Decryption | Is Trumpism soluble in journalism?

(New York) One day, they are elected officials, strategists or advisors to the White House. The next day, they are collaborators, analysts or hosts of political television shows.

The phenomenon is obviously not limited to the United States, but for several days it has presented the media in this country with a unique question: is Trumpism soluble in journalism?

The issue arises from the hiring and firing of Ronna McDaniel, former chair of the Republican National Committee (RNC), by NBC News, which offered her a $300,000 annual contract as a political analyst. Four days passed between this hiring and this dismissal.

Mitt Romney’s niece was not, however, the first person to have signed such a contract after having been at the head of the organization responsible for leading the Republican Party. One of his predecessors, Reince Priebus, who also served Donald Trump as White House chief of staff, joined ABC News as a contributor last year. Another, Michael Steele, recently moved from analyst to host at MSNBC, NBC’s sister channel.

Similar examples also abound on the Democratic side. Think of George Stephanopoulos, former White House communications director under Bill Clinton, who became host of Good Morning America and of This weekflagship programs of ABC News, or to Donna Brazile, former chair of the Democratic National Committee, whose services have been retained over the years by three different networks – CNN, Fox News and ABC.

In fact, the list of Democratic or Republican politicians who have become collaborators, analysts or presenters is almost endless. That’s what makes the revolt that broke out among the NBC/MSNBC staff following the announcement of Ronna McDaniel’s hiring even more remarkable.

NBC News chief political analyst Chuck Todd was the first to publicly criticize his bosses.

“When NBC makes the decision to give her the credibility of NBC News, you have to wonder what she brings to NBC News,” he said on the show Meet the Press on Sunday, March 24, after accusing Ronna McDaniel of misleading and defaming journalists as RNC chairwoman.
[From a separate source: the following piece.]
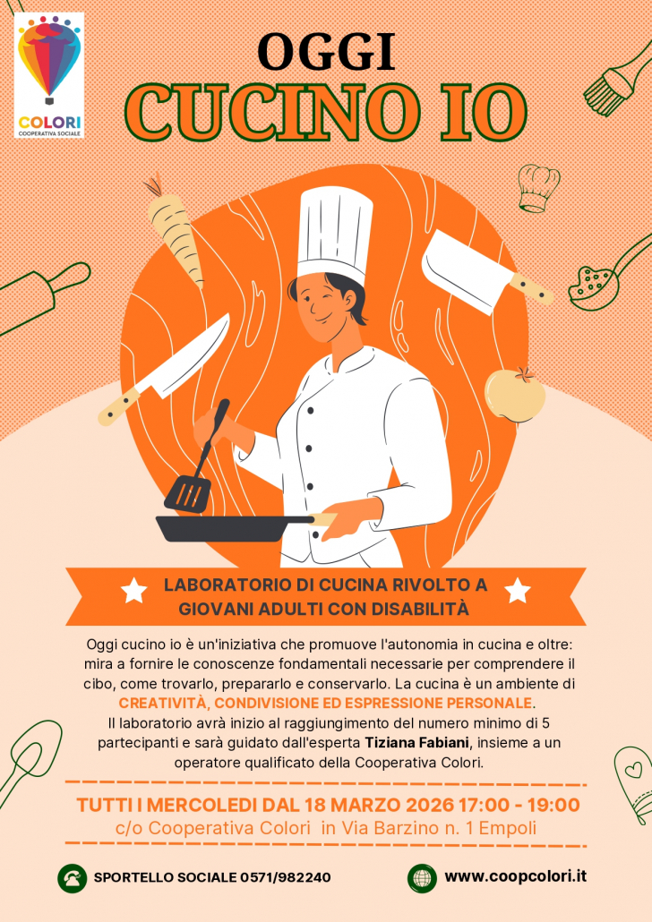 Non è solo un corso di ricette, ma un percorso verso l’autodeterminazione. Mercoledì 18 marzo 2026 prenderà il via a Empoli “Oggi cucino io”, un’ iniziativa della Cooperativa Colori dedicata allo sviluppo dell’autonomia attraverso l’arte culinaria, un nuovo ciclo dopo il successo dei precedenti già svolti.

The next day, several MSNBC hosts, including cable star Rachel Maddow, took over, prompting the NBC News boss to fire the recruit he had hired in an effort to attract Republicans and mollify the critics of his group. Critics who only wanted to see in the crisis a confirmation of their grievances.

“NBC just hired and immediately fired Ronna McDaniel because the team refused to let a single Republican join her – that’s how biased she is! », Wrote the boss of X, Elon Musk, on his social network last Wednesday.

No offense to the entrepreneur, Ronna McDaniel’s criticisms within NBC/MSNBC did not criticize her for belonging to the Republican Party.

Instead, they denounced his attacks on MSNBC journalists (“propagandists,” she said), his promotion of Donald Trump’s “big lie” about the 2020 presidential election and his participation in the efforts of the ex-president to invalidate the results of this election.

Rachel Maddow described Ronna McDaniel as “someone who has not only attacked us as journalists, but is part of an ongoing project to get rid of our system of government.”

In short, according to the host, a person who has embodied Trumpism as Ronna McDaniel has done cannot serve as a political analyst for a serious media, even if Trumpism occupies an important, even predominant, place within the Republican Party.

Cornelian dilemma?

But wouldn’t the media be betraying their mission by boycotting the Trumpist point of view in their journalistic panels?

“If a news organization really wants to represent Donald Trump’s policies in its reporting and commentary, it will run into some problems,” says Michael Socolow, a professor in the Department of Communications and Journalism at the University of Maine, in a email to The Press.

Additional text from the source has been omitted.